[[ Exercise data, beginning ]]

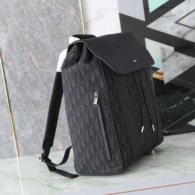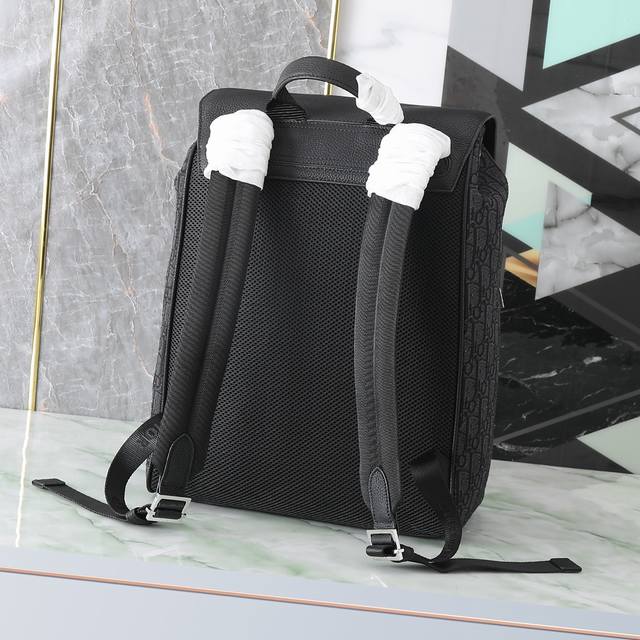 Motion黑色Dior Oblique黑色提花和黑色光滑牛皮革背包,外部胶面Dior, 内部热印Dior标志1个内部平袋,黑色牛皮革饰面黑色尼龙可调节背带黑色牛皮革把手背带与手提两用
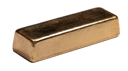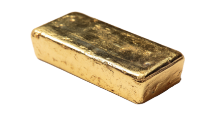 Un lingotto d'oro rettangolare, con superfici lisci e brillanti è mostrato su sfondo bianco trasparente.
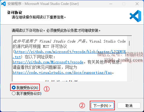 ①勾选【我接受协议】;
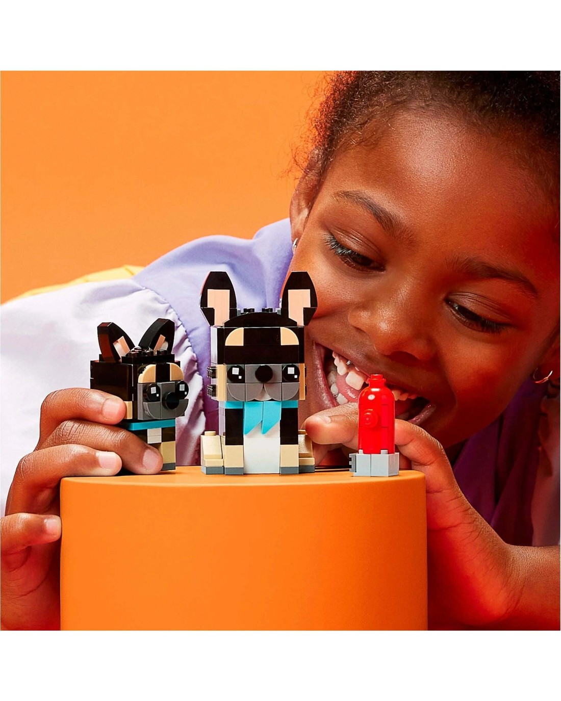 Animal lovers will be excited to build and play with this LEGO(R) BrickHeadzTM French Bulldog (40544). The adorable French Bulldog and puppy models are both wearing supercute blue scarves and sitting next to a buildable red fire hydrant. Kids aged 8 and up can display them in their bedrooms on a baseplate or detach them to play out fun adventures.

[[ Exercise data, end ]]

### [Exercise requirements]
Print each line above exactly as it appears, excluding all images.

### [Result for this exercise]
 Motion黑色Dior Oblique黑色提花和黑色光滑牛皮革背包,外部胶面Dior, 内部热印Dior标志1个内部平袋,黑色牛皮革饰面黑色尼龙可调节背带黑色牛皮革把手背带与手提两用
 Un lingotto d'oro rettangolare, con superfici lisci e brillanti è mostrato su sfondo bianco trasparente.
 ①勾选【我接受协议】;
 Animal lovers will be excited to build and play with this LEGO(R) BrickHeadzTM French Bulldog (40544). The adorable French Bulldog and puppy models are both wearing supercute blue scarves and sitting next to a buildable red fire hydrant. Kids aged 8 and up can display them in their bedrooms on a baseplate or detach them to play out fun adventures.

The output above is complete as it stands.